14

Belisarius captures Ravenna

Thanks to Procopius, who wrote a History of the Wars, we have a lengthy description of the campaigns fought on Emperor Justinian’s orders in North Africa and Italy. This records the close relationship between Procopius and Belisarius, a leading military commander, that dated back to 527 when Procopius was sent to the Persian frontier as the general’s legal adviser. There he observed Belisarius’ heroic character, his magnanimity and restraint in dealing with enemy prisoners and conquered populations during a campaign that culminated in a peace treaty with the Persians in 532. In Justinian’s determination to end what had been a prolonged conflict, stretching from Lazica (in modern Georgia) and Armenia south to Syria and Palestine, his ambassadors negotiated an ‘Eternal Peace’ for the vast sum of 11,000 lbs of gold.

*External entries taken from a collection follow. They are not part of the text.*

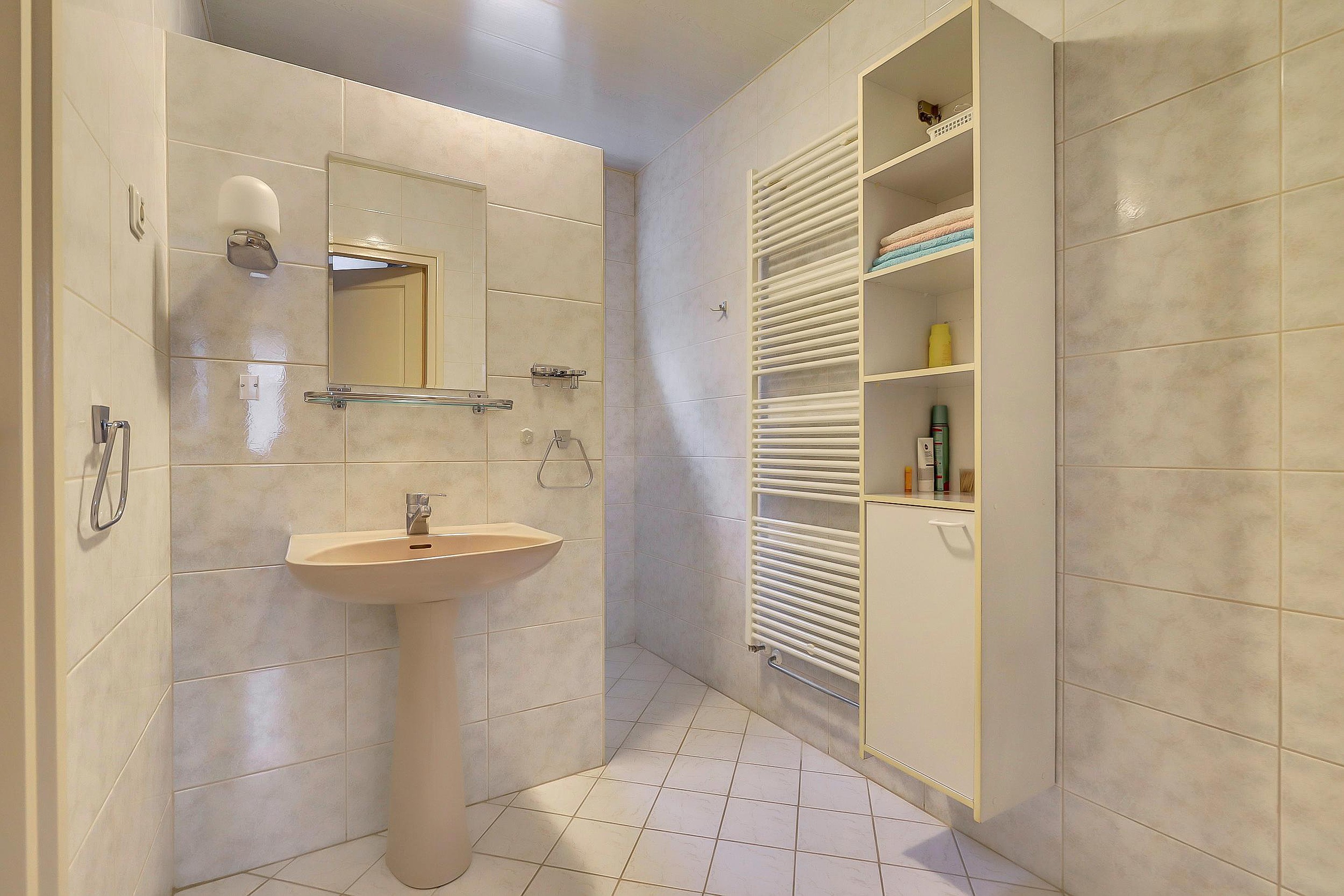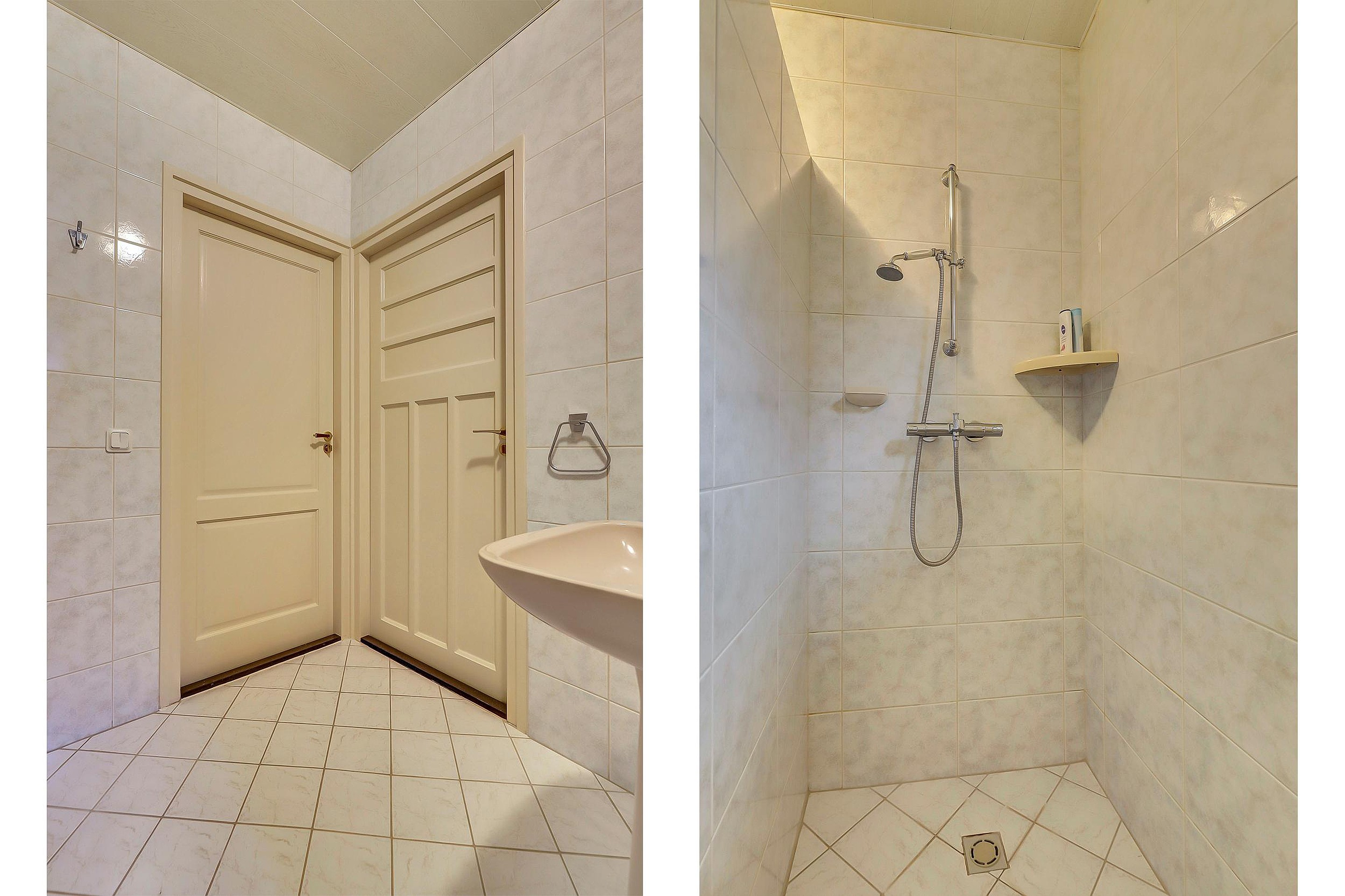Aangrenzend aan de woonkeuken bevinden zich de bijkeuken en de badkamer. De badkamer is uitgerust met een wastafel, inloopdouche, badkamermeubel en een designradiator. In de bijkeuken vindt u de C.V.-installatie, de aansluiting voor de wasmachine, een vaste kast en een deur naar de achtertuin.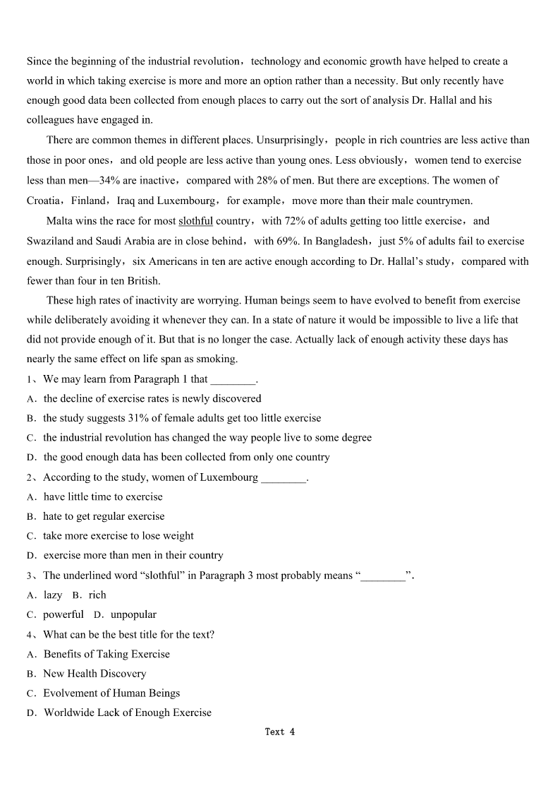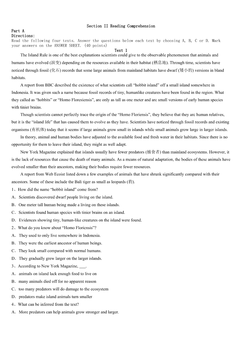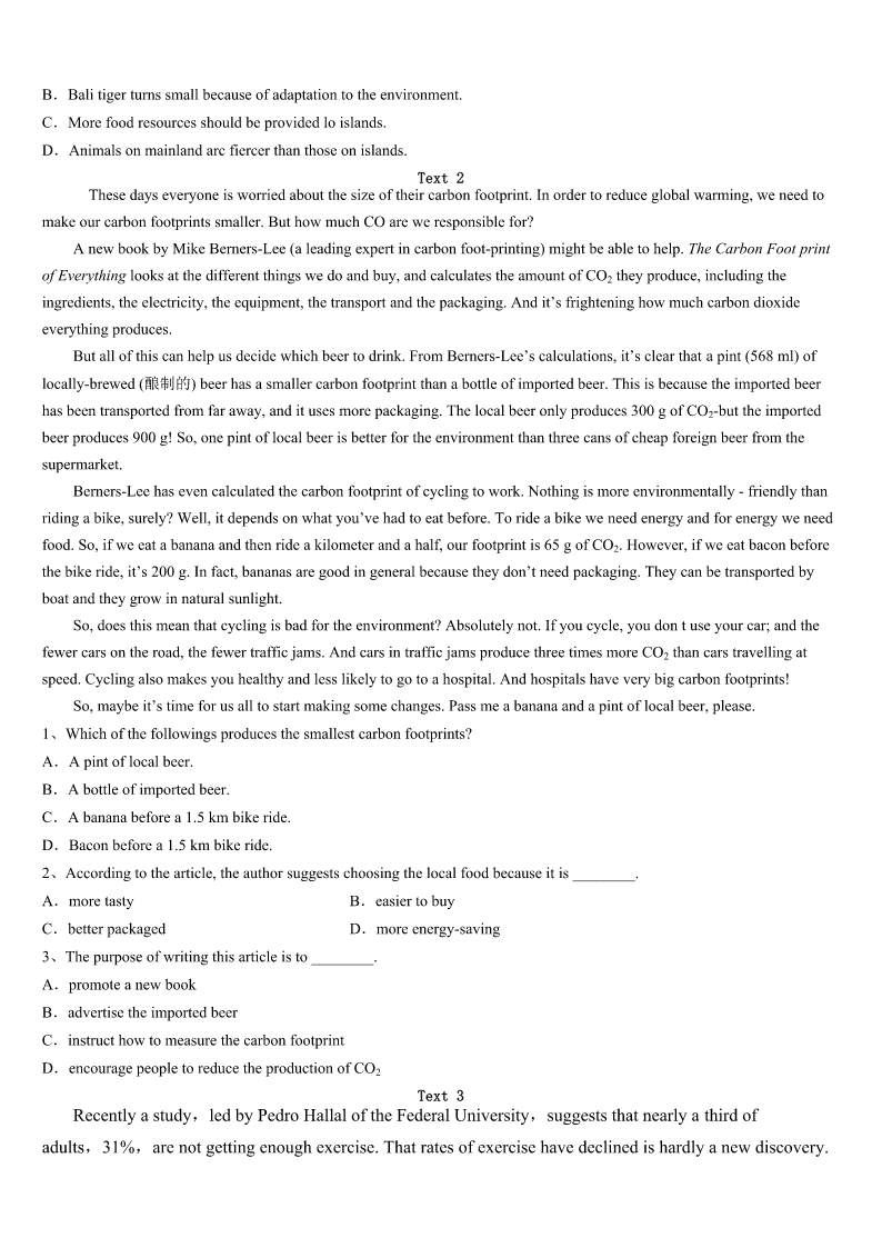 邯郸市鸡泽县2023年考研《英语一》深度预测试题 SectionIUseofEnglish Directions: Readthefollowingtext.Choosethebestword(s)foreachnumberedblankandmarkA,B,CorDonthe ANSWERSHEET.(10points) Mymotherhasalwaysbeeninvolvedinearly-childhoodeducation.Sheoftensetthesceneforchildrento1thejoyof physicalactivity,gettingthemexcitedand2tolearn. MumwassoproudofmeafterI3thetriathlonatthe2000Olympics,butbeforethedust4,shegrabbedme, saying:‘"Nowthisisyour5.Useit.”Shewasn’tspeakingfromaneconomicpointofviewbuttalkingaboutthe6ofmy beingarolemodel,encouragingkidsto7theirdreams. SincetheOlympics,Ihave8morethan100schools.Italktothekidsabout“livingalifeless9aconceptpassed ontomebymyparents—theideaof10beingaverage.Itellthemthatwhatyoubelieve,youwill11. AsIwasakid,mymothercametoevery12---nottopressuremebutto13me.Oneofmyfavoritesports-related memorieswaswhenIwas14intheCanadianTriathlonChampionships.AsIranbyabigtruck,Isawmymother15on topofoneofitshugewheels,cheeringforme.Ifinditsadwhenpeoplesaytheirparentshaveneverseenthem16. WhenIwasattheUniversity,Icompletedonlyonesemesterandthendecidedto17soIcouldraceprofessionallyfull- time.MumwasthefirstpersonIcalled.Itwasa18moment.Iwasn’tsurehowshewouldreact. “Mum,Ihavethisopportunity,andIthinkI’mgoingtotakeit.Whatdoyouthink?” Shewasas19asever.Itturnedouttobeagood20. Supportingyourchildren,trustingtheirdecisions,givingwell-thought-outadvice—thosearedefinitelyimportant qualities. 1、A.experienceB.evaluateC.expressD.expect 2、A.afraidB.readyC.relaxedD.reluctant 3、A.wonB.choseC.playedD.watched 4、A.roseB.settledC.flewD.appeared 5、A.luckB.timeC.crossroadD.opportunity 6、A.demandB.happinessC.courageD.importance 7、A.displayB.followC.appreciateD.abandon 8、A.servedB.attendedC.visitedD.started 9、A.energeticB.colorfulC.miserableD.ordinary 10、A.neverB.alwaysC.seldomD.usually 11、A.neglectB.achieveC.suspectD.assume 12、A.practiceB.schoolC.gameD.kindergarten 13、A.supportB.rewardC.instructD.comfort 14、A.surfingB.jumpingC.joggingD.running 15、A.sittingB.speakingC.standingD.performing 16、A.competeB.su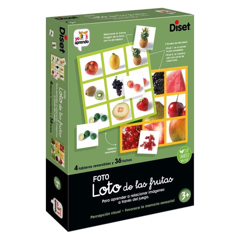 Haz tu pedido hoy del producto Foto loto de las frutas Yo Aprendo 68943 Diset juego educativo de imágenes con una edad recomendada de Más de 3 años y unas dimensiones de 27x20x6. Siendo su referencia de proveedor 68943s1120200270 D, y un código de barras 8410446689431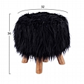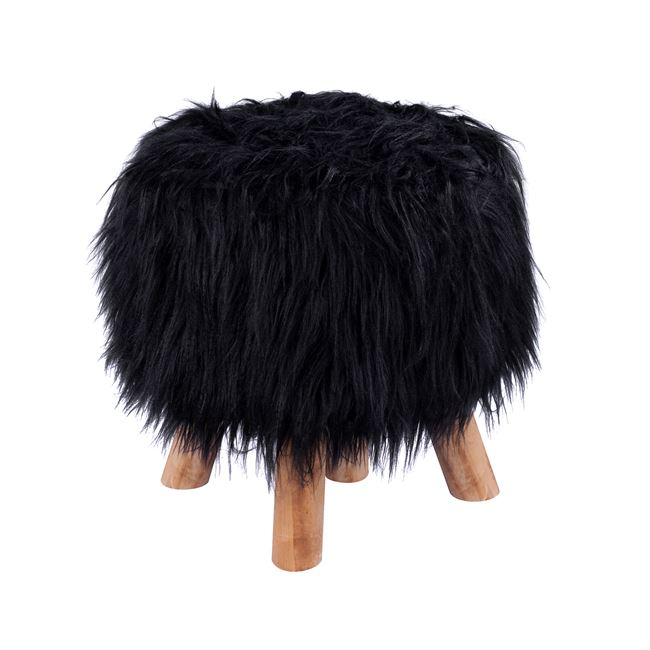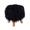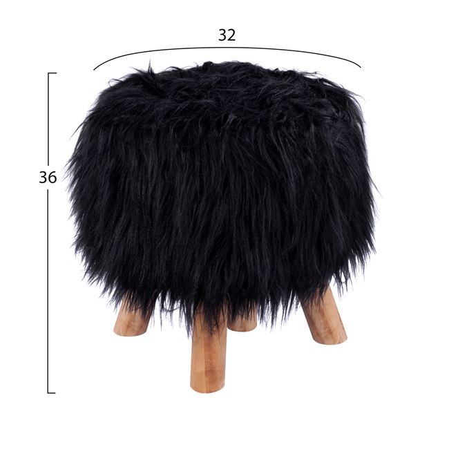 Σκαμπό FB98410.01 από γούνα σε μαύρη απόχρωση και ξύλινα πόδια σε φυσικό χρώμα.

Even before this was achieved, an internal revolt of the Greens and Blues, the two dominant circus factions that organized Hippodrome entertainments in Constantinople, caused a more dramatic threat to the emperor in person, right under the imperial palace. Chanting ‘Nika!’ (conquer), the two groups, normally rivals, united to demand the dismissal of some high officials and then set fire to the centre of Constantinople. When Justinian’s attempts to satisfy their demands failed to end the rioting, the crowds elevated an alternative ruler. Procopius reports that Theodora, the emperor’s wife, refused to flee from the city, with the famous statement that it is better to die in the imperial purple than to lose your status as empress: ‘royalty is a good burial shroud’.1 Other accounts emphasize the skill with which the emperor disposed his military contingents who attacked the populace in the Hippodrome. On Sunday, 18 January 532, Belisarius was one of the leaders of the massacre in which up to 35,000 people were killed. For several days afterwards ‘Constantinople was quiet, and no one dared to go out, but only the shops which provided food and drink for needy people were open.’2

The Wars in the West

Belisarius had won the emperor’s gratitude and was chosen to lead a most ambitious campaign against the threats to the empire in the West in 533. For several years refugees from Vandal persecution had urged Justinian to overthrow the Arian kingdom in North Africa and restore the Catholic bishops to their sees. Even more pressing appeals for military assistance came from the governor of Sardinia and the leader of a revolt in Libya, both intent on removing the Vandal King Gelimer. With this encouragement, Justinian sent Belisarius with an expeditionary force of 10,000 infantry and 5,000 cavalry, plus his own militia (bucellarii). Compared to the 52,000 troops sent against Persia in 503, or the 6,000 to reinstall the Monophysite patriarch of Alexandria in 535, 16,000 overall was not a large force – certainly small in relation to the massive armada constructed by Leo I for the attempted conquest of 468 that had failed so miserably.3 The 533 expedition nonetheless reflected Constantinople’s capacity to transport probably more than 5,000 horses with sufficient water and fodder, as well as 10,000 infantry, who dreaded the possibility of having to fight at sea, in 500 ships protected by 92 warships that set sail from Constantinople around the spring equinox.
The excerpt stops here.